Fish blood serves as a crucial indicator of metabolism, nutritional status, and disease. When fish are affected by external factors or experience physiological or pathological changes, these changes are often reflected in blood parameters. Although blood lipid content represents only a small fraction of the total body lipid content, it plays a vital role in metabolism [38]. Lipids from both exogenous sources, such as absorbed food lipids, and endogenous sources, such as lipids synthesized by the liver or mobilized from adipose tissue, must pass through the blood to be transported to other tissues. Thus, blood lipid levels can provide insights into overall lipid metabolism in fish [38]. In our study, we examined the serum lipid levels, including CHOL, TG, HDL, and LDL, in L. rohita fed diets with SFO substituted for FO. We found that the serum levels of CHOL, TG, and HDL did not exhibit significant changes, while LDL levels were significantly higher in the SFO-fed group than in the FO-fed group. Similar findings were reported by Jin et al. [14] in juvenile black seabream, where CHOL levels remained the same, and by Yu et al. [6] in hybrid sturgeon, where cholesterol, TG, and HDL levels were comparable, but LDL levels were higher in fish fed SFO than in those fed FO. It is well known that the HDL: LDL ratio is higher in animals and humans receiving EPA and DHA in the diet, as described in the recent systematic review by Wang et al. [59]. Elevated dietary levels of LDL in fish seem to also conform to this mechanism of the blood transport profile of lipoprotein carrier complexes, thereby reducing this ratio. Additionally, the stress biomarkers cortisol and glucose showed similar levels in all dietary and control groups, consistent with the results reported by Yu et al. [6] in hybrid sturgeons.

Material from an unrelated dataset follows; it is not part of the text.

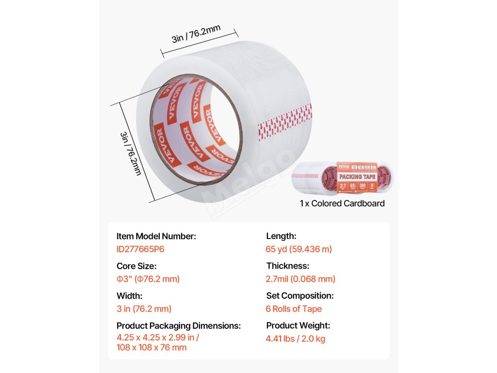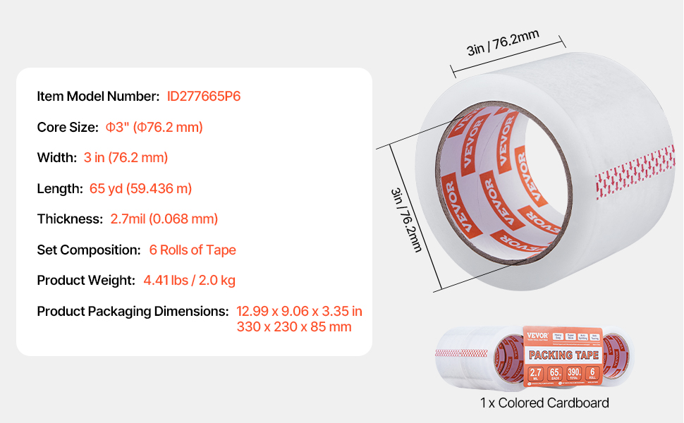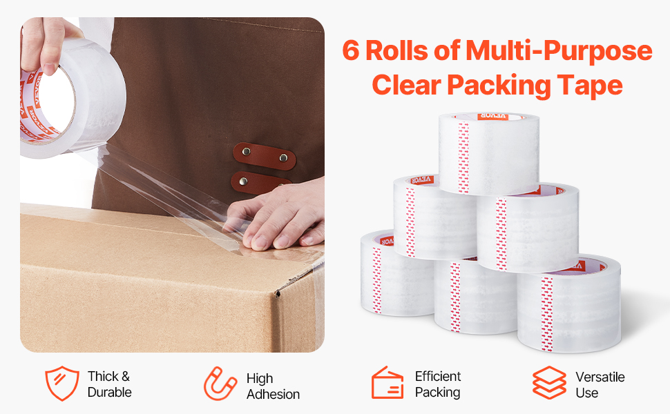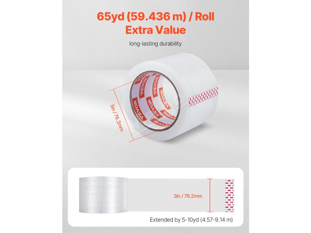 Naša cenovo výhodná súprava priehľadnej baliacej pásky obsahuje 6 kotúčov pásky s 3-palcovým jadrom. Každá rolka má dĺžku 65yd / 59,436 m - 5-10yd / 4,57-9,14 m dlhšiu ako štandardné možnosti. To znamená viac pásky, menej časté výmeny a ekonomickejšie riešenie pre všetky vaše baliace projekty.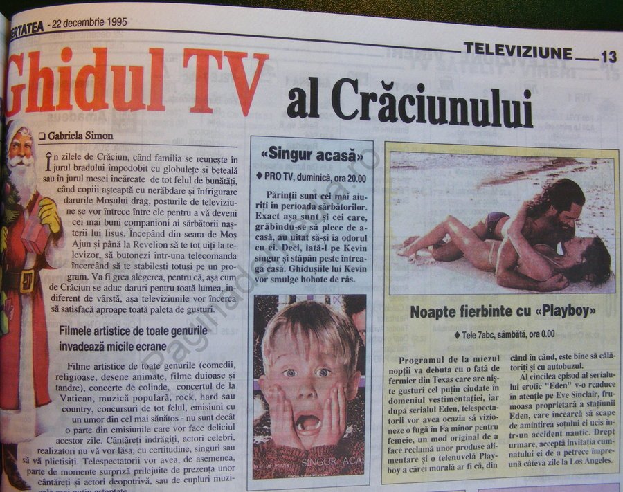 „Singur acasă”, film realizat de Chris Columbus în 1990, a fost pentru prima oară difuzat pe un post românesc în decembrie 1995, anul inaugural al PRO TV, moment consemnat atunci de ziarul Libertatea!

Assessing oxidative function is a significant approach to evaluating the welfare of aquatic species under stressful conditions [60, 61]. Oxidative stress arises from the imbalance between the generation of reactive oxygen species (ROS) and the protective antioxidant defense system [62, 63]. ROS are produced continuously in living organisms and can be harmful, particularly under toxic conditions [64]. Antioxidant enzymes such as CAT, SOD, and GPx play a crucial role in scavenging or neutralizing free radicals (ROS) that can damage cell membranes when present in excessive amounts [62, 65]. MDA is a metabolite derived from lipid peroxidation, specifically from the oxidation of fatty acids with multiple methylene interrupted double bonds [14, 43, 66, 67]. In our study, substituting SFO for FO in the fish diet did not lead to changes in the activity of SOD, CAT, and GSH-Px in the serum and liver, while MDA activity increased. Similar findings were reported by Jin et al. [14] in juvenile black seabream, where SOD and GSH-Px levels remained unchanged while MDA levels decreased in the liver and serum. Similarly, El Asely et al. [43] observed no changes in SOD and GPx activity in Nile tilapia, Reda et al. [54] reported no alterations in SOD and GPX activity in Oreochromis niloticus, and Yu et al. [6] found that in hybrid sturgeon, GSH-Px and SOD were the same when fed by substituting SFO in the fish diet by replacing FO.

Conclusion

In conclusion, fully replacing fish oil with SFO has shown potential for complete FO substitution without compromising growth and overall health status. Interestingly, L. rohita exhibited a preference for using SFO as a lipid source, which resulted in improved growth performance and did not affect the serum biochemistry or antioxidant and immune capacity. Furthermore, the fatty acid composition of the L. rohita muscle and liver closely mirrored the composition of their dietary fatty acids. Our findings suggest that careful selection of alternative lipid sources can have a significant impact on the growth, health, and nutritional quality of L. rohita. These insights contribute to the development of sustainable aquaculture practices that prioritize the replacement of FO with suitable alternatives, ensuring the well-being of fish populations and providing consumers with healthy and high-quality fish options.

Data Availability

All relevant data are within the paper.

Funding Statement

The author(s) received no specific funding for this work.